Jack is broad-chested, stubby legs, nearly bald, tired eyes with bags
under them--but he'll look right into your eyes. I've seen him take &
swallow pills from a vial, where he's eating eggs & potatoes--it's obvious
he enjoys eating--& drinking coffee at the corner of the counter of the
Farmer's Friend, & talking with a couple of guys about car parts, or about
finding responsible tenants for the four apartments he rents out, &
convincing employees of various state agencies that doing so isn't
discrimination against any set of people--except irresponsible ones--&, so,
illegal.
Jack has told me that, these days, his job is buying used cars--he
studies a book of prices, & looks for weaknesses he's learned to spot, which
are carefully hidden by the sellers--at auction in Milwaukee; & driving them
up here, for the weekly auction along the Highway.
Before the referendum, when the voters of the county were asked to vote
to tax themselves, an additional .5% sales tax, to subsidize the
refurbishing of & adding on to Force Field (home of our sometime champion,
shareholder-owned, professional football team, the Wolves--the least well
paid of whom earns $550,000/year, & the ones who make the most getting many
millions/year, for playing 20 ball-games)--Jack & I talked a lot about fair
& unfair & wise & unwise taxation.
Even before the Wolves tax, Jack & I found common ground, groaning
about the county's spending binge, building arenas with borrowed money.

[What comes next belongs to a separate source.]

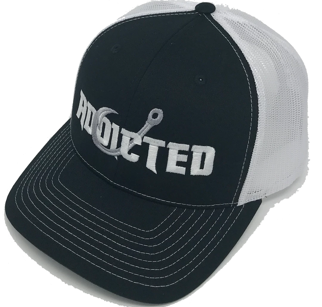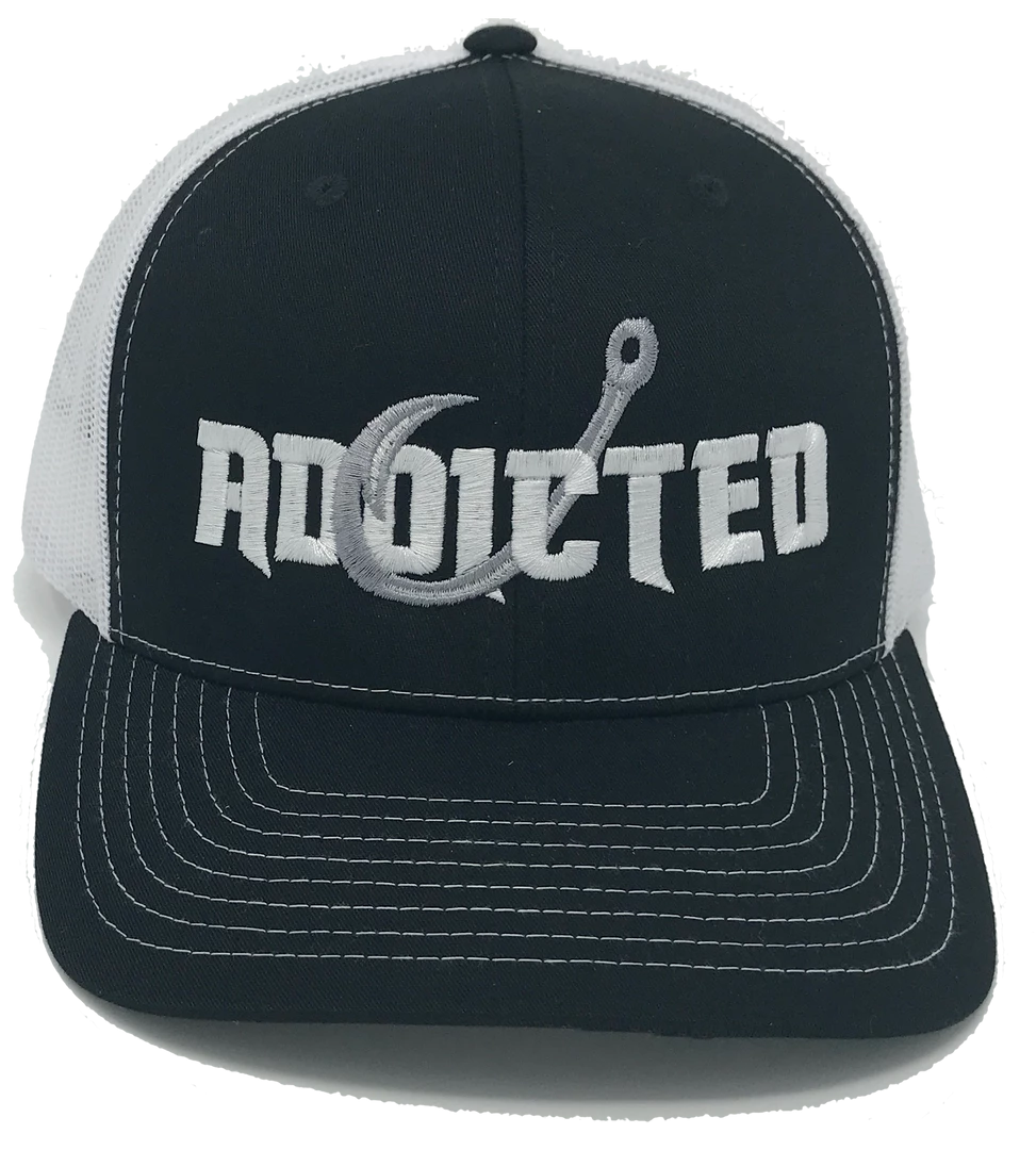 Our Rep The Addiction Trucker Hat is suited for any type of occasion, both on and off the water. Rep your addiction to fishing loud and proud! This hat features a black crown with black mesh back. Including a snap back enclosure. The large Addicted Logo is embroidered on the front in black and silver.

The
county executive--who likes to appear on TV & on the front page of
newspapers, & is quick to attribute base motives to anyone who criticizes
what she is doing--keeps telling us how it will bring in conventioneers, who
will spend lots of money.
Jack was giving away bumper-stickers for people against the Wolves tax:
"Go, Wolves, Go--But No Tax, No!"--red & black, the Wolves' colors, that you
see everywhere around here.
The well-paid management of the Wolves & their allies--several
companies & unions are in line for big contracts, doing the refurbishing &
building the additions--spent between half a million & a million dollars
persuading county supervisors & the public at large. Thousands of people
around here are more dedicated to the Wolves than to the Virgin Mary,
statues of whom are sprinkled among lawns, frequently sheltered by partially
buried old bath-tubs. People paid to do so rallied the fans least
politically awake--or absolutely awake but utterly cynical that anything for
the good of all could ever come of politics, so why not get what you can for
what you want yourself for a change?--to vote to tax themselves & the rest
of us, too, for the glory of the team.
Opponents spent ten to fifteen thousand dollars.
The measure passed by about 53% to 47% of the voters who were eligible
to vote, & voted.
Or so we were told in the papers, on the radio, & on TV.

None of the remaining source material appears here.